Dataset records
- - - - -

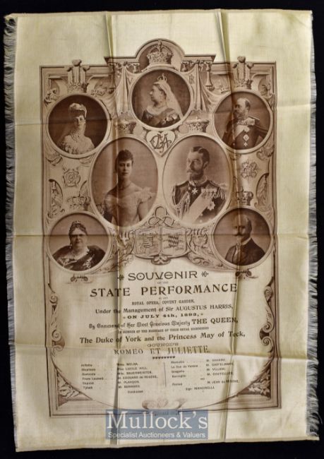 A Special Souvenir Opera Programme of the State Performance Given By The Royal Opera House^ Covent Garden in honour marriage of their Royal Highnesses the Duke of York and the Princess May of Teck. (Later King George V and Queen Mary). 1893. A beautiful silk presentation programme with Portraits of The Royal Couple^ Queen Victoria^ Prince and Princess of Wales etc. Gounod’s “Romeo et Juliette” The vocalists were Mme. Melba^ Mlle. Bauermeister^ M. Bonnard^ M. Plancon^ M. De Reszke^ etc. Attractively printed in a brown on fine silk^ size 13” × 21¼”. (In fine bright almost as new condition)
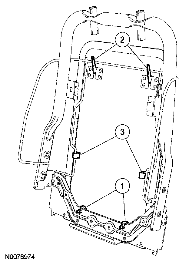 4. NOTE: The seat backrest trim cover and foam pad have been removed to show the backrest trim panel retainers.
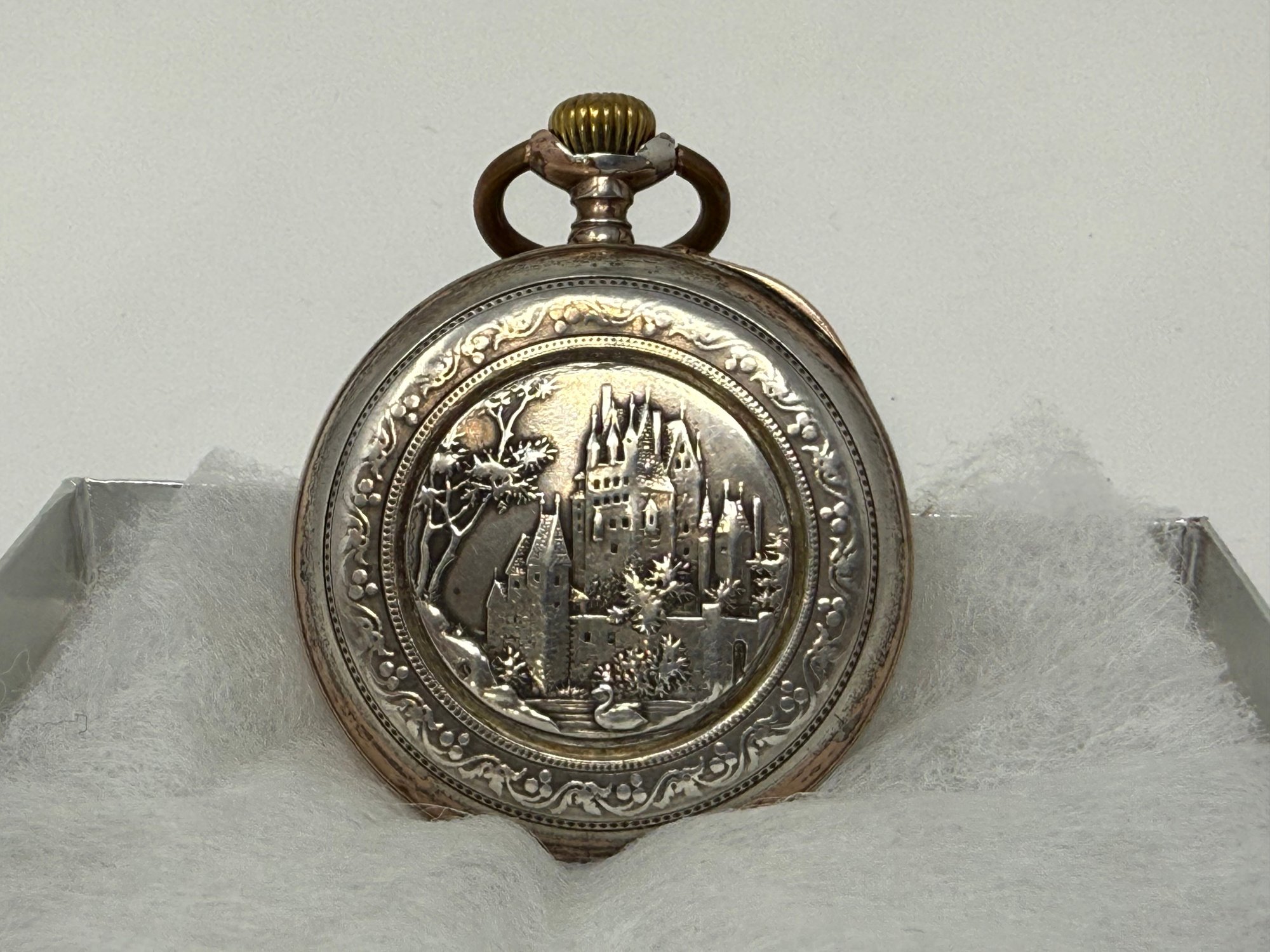 Running, 15 Rubis, 1.75". Landscape design on back of case.
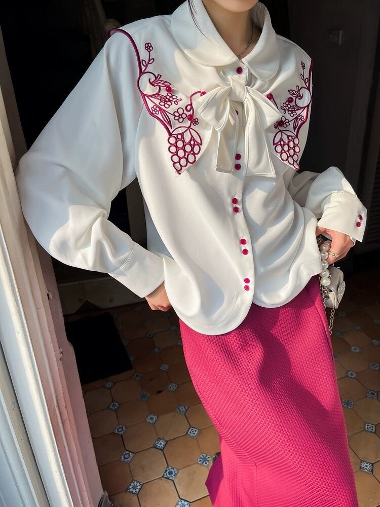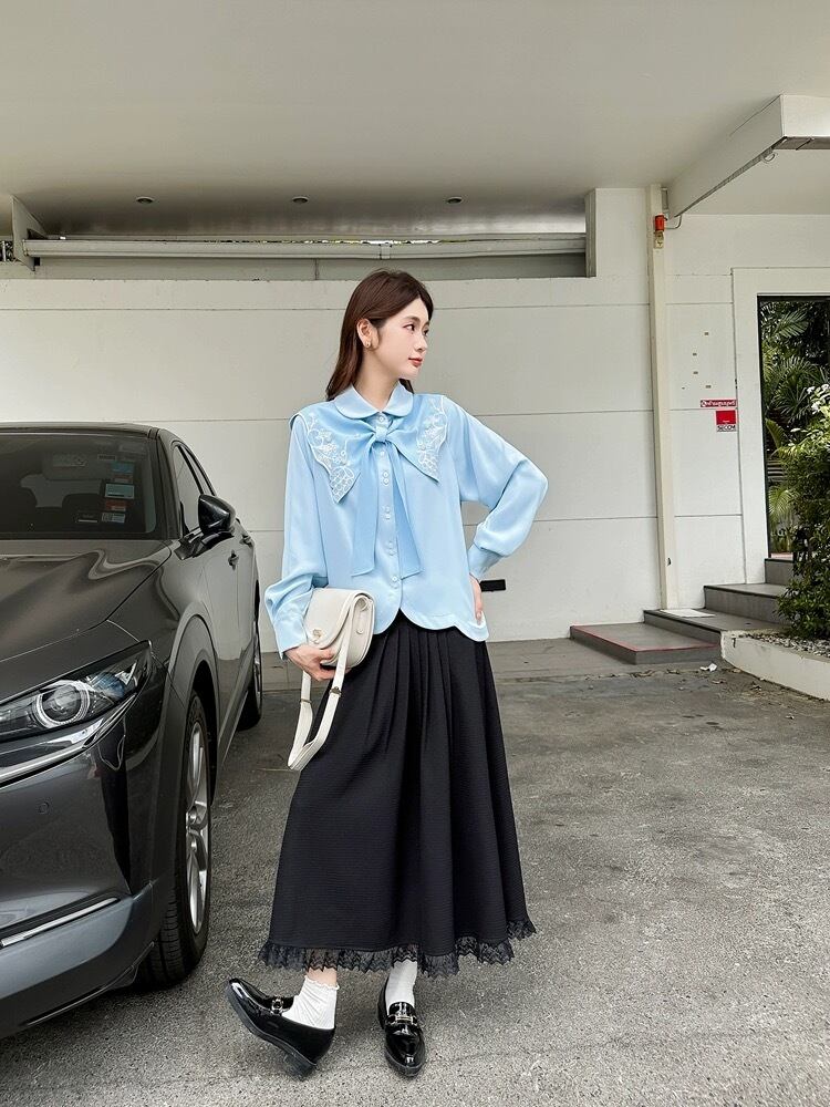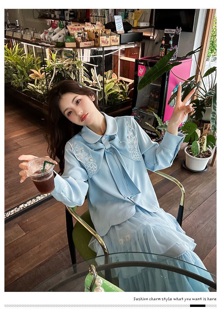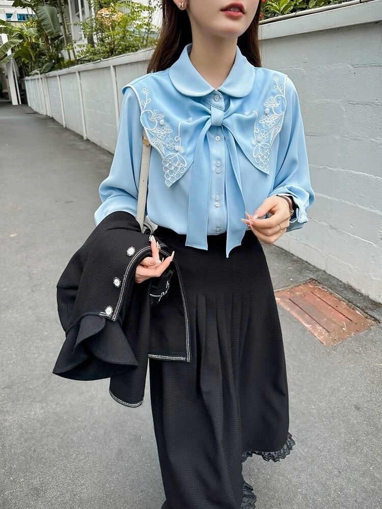 水色 白 リボン 赤 ブラウス シャツ XL シンプル 爽やか XL
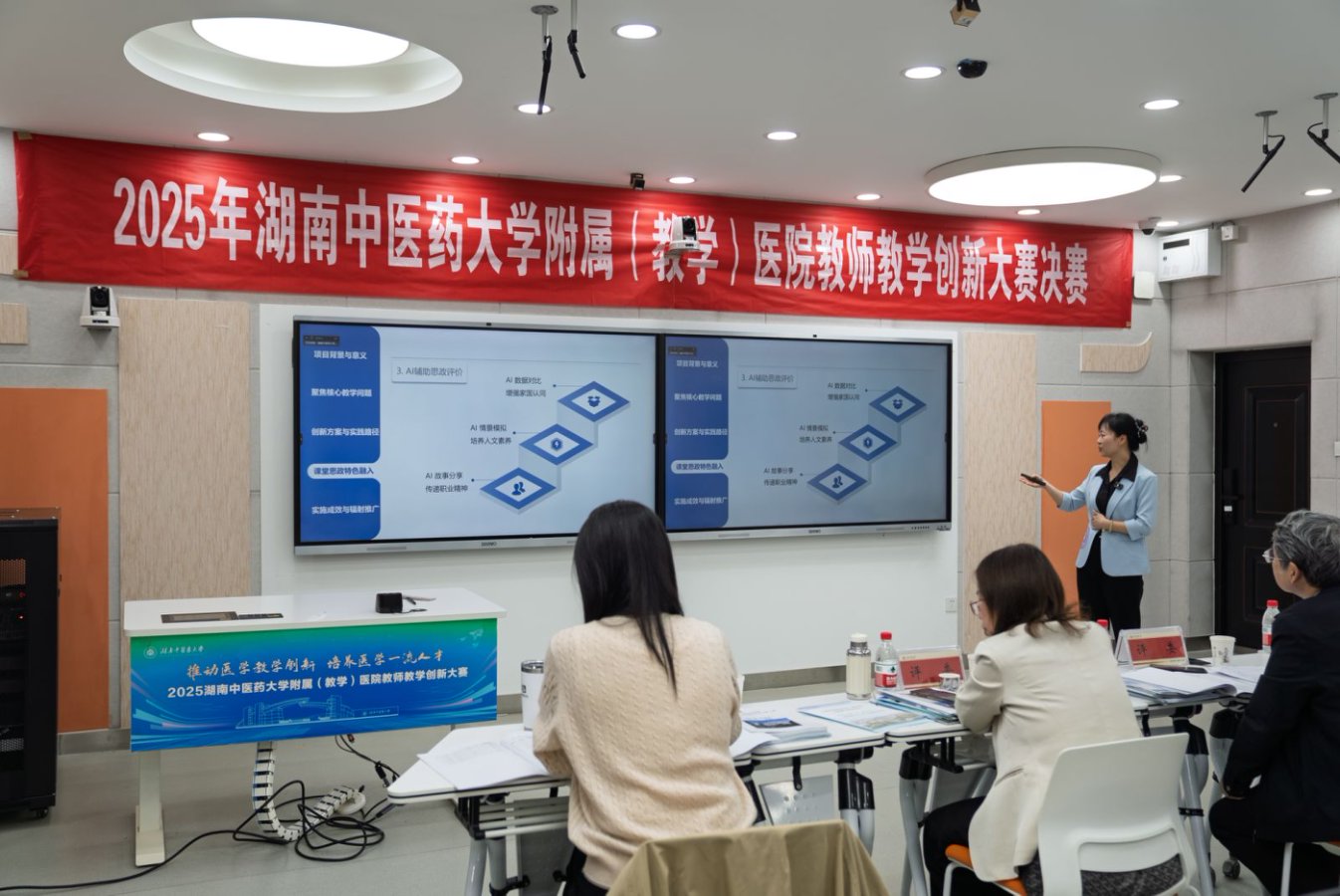 11月16日,由教师发展与评估建设处、教务处主办的以“推动医学教学创新 培养医学一流人才”为主题的2025年湖南中医药大学附属(教学)医院教师教学创新大赛决赛于含浦校区立德楼隆重举行。校长易刚强、副校长喻嵘出席竞赛总结交流大会。现场220余名师生参加观摩学习,线上1400人次共同观看了直播。
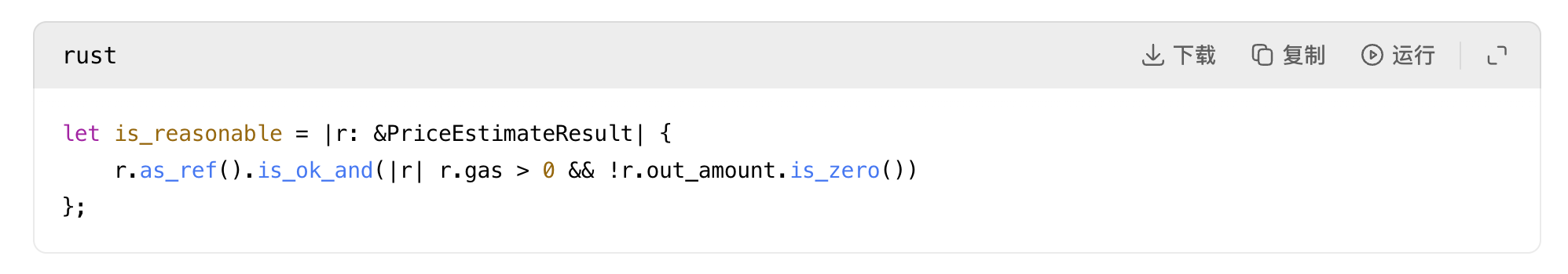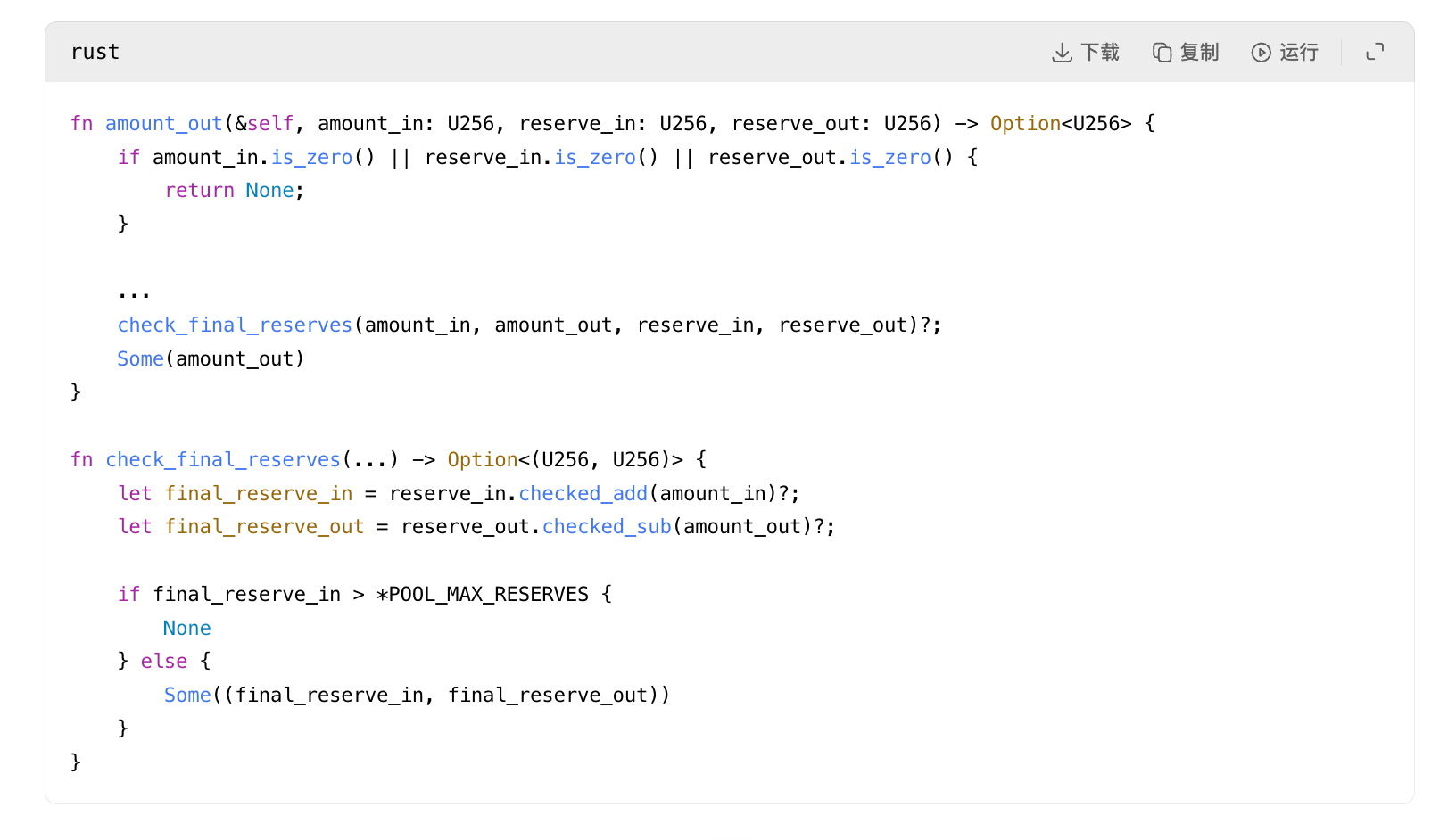 该段代码不会判断流动性池体量是否足以承接对应路由交易,仅判断交换操作在数学上是否有效。因此,即便一个仅储备 331 枚 AAVE 的微型池,也会被判定为承接 17957 枚 WETH 买入请求的有效场所,只因恒定乘积算法能算出非零结果,却完全无视这个结果会带来毁灭性的资产损耗。
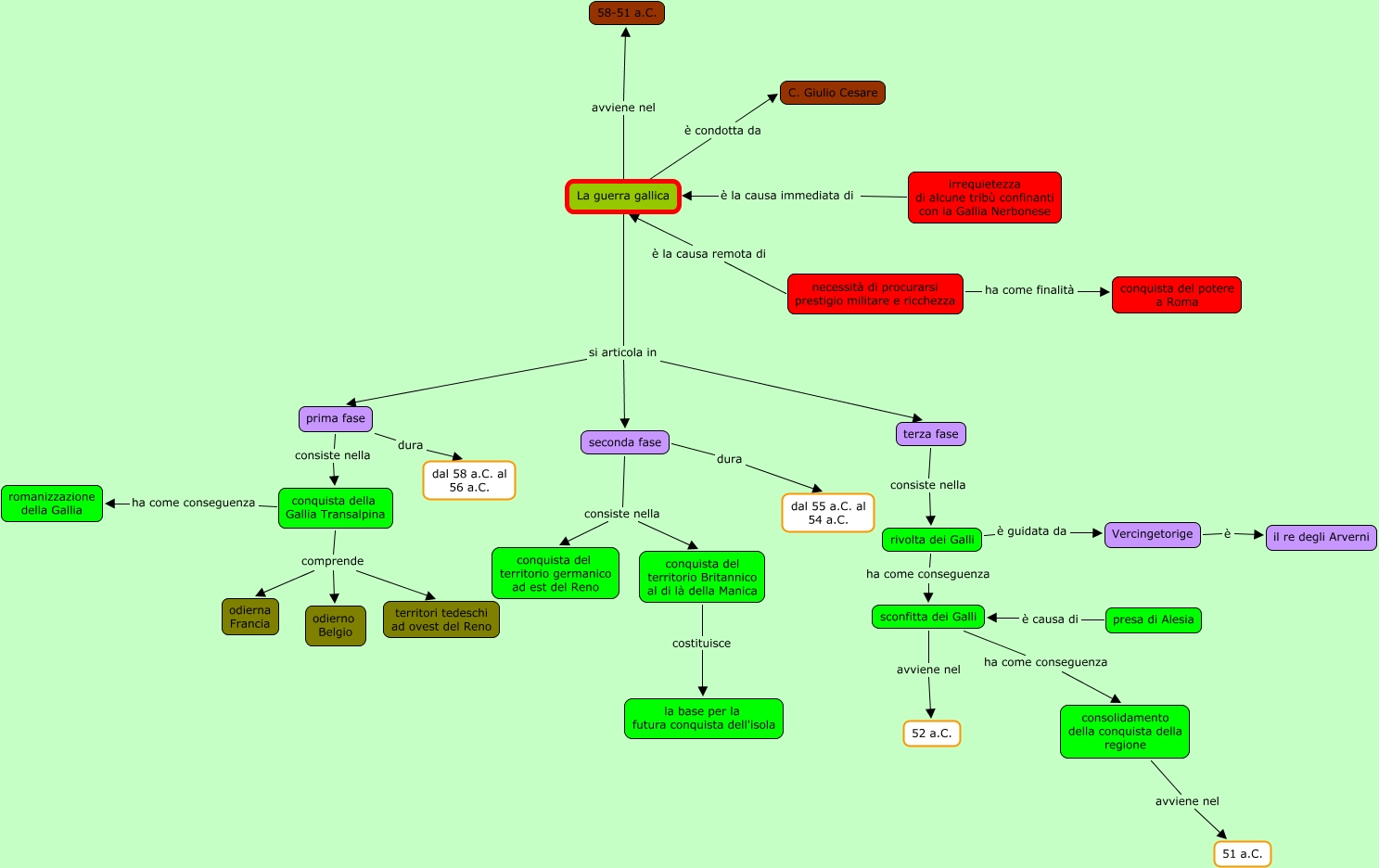 Questa Mappa Concettuale ha informazioni correlate a: la guerra gallica.Riccardo Olivieri, La guerra gallica si articola in prima fase, seconda fase dura dal 55 a.C. al 54 a.C., La guerra gallica si articola in terza fase, presa di Alesia è causa di sconfitta dei Galli, prima fase dura dal 58 a.C. al 56 a.C., necessità di procurarsi prestigio militare e ricchezza è la causa remota di La guerra gallica, prima fase consiste nella conquista della Gallia Transalpina, Vercingetorige è il re degli Arverni, necessità di procurarsi prestigio militare e ricchezza ha come finalità conquista del potere a Roma, conquista della Gallia Transalpina comprende odierno Belgio
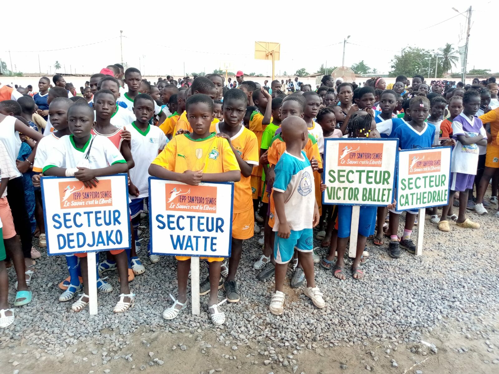 Cette sympathique cérémonie qui est placée sous la présidence de M le PRÉFET de la RÉGION de SAN PEDRO a été rehaussée par la présence de son représentant, de celui du Conseil Régional, de la présence effective de M le Directeur Régional de l’Education Nationale et de l’Alphabétisation, et du Directeur Régional des Sports.

- - - - -

§ PROBLEM DETAILS:
Up to and including the line with "水色 白 リボン 赤 ブラウス シャツ XL シンプル 爽やか XL", repeat every line from the top of the entries exactly, but not the pictures.

§ ANSWER FOR THIS EXERCISE:
 A Special Souvenir Opera Programme of the State Performance Given By The Royal Opera House^ Covent Garden in honour marriage of their Royal Highnesses the Duke of York and the Princess May of Teck. (Later King George V and Queen Mary). 1893. A beautiful silk presentation programme with Portraits of The Royal Couple^ Queen Victoria^ Prince and Princess of Wales etc. Gounod’s “Romeo et Juliette” The vocalists were Mme. Melba^ Mlle. Bauermeister^ M. Bonnard^ M. Plancon^ M. De Reszke^ etc. Attractively printed in a brown on fine silk^ size 13” × 21¼”. (In fine bright almost as new condition)
 4. NOTE: The seat backrest trim cover and foam pad have been removed to show the backrest trim panel retainers.
 Running, 15 Rubis, 1.75". Landscape design on back of case.
 水色 白 リボン 赤 ブラウス シャツ XL シンプル 爽やか XL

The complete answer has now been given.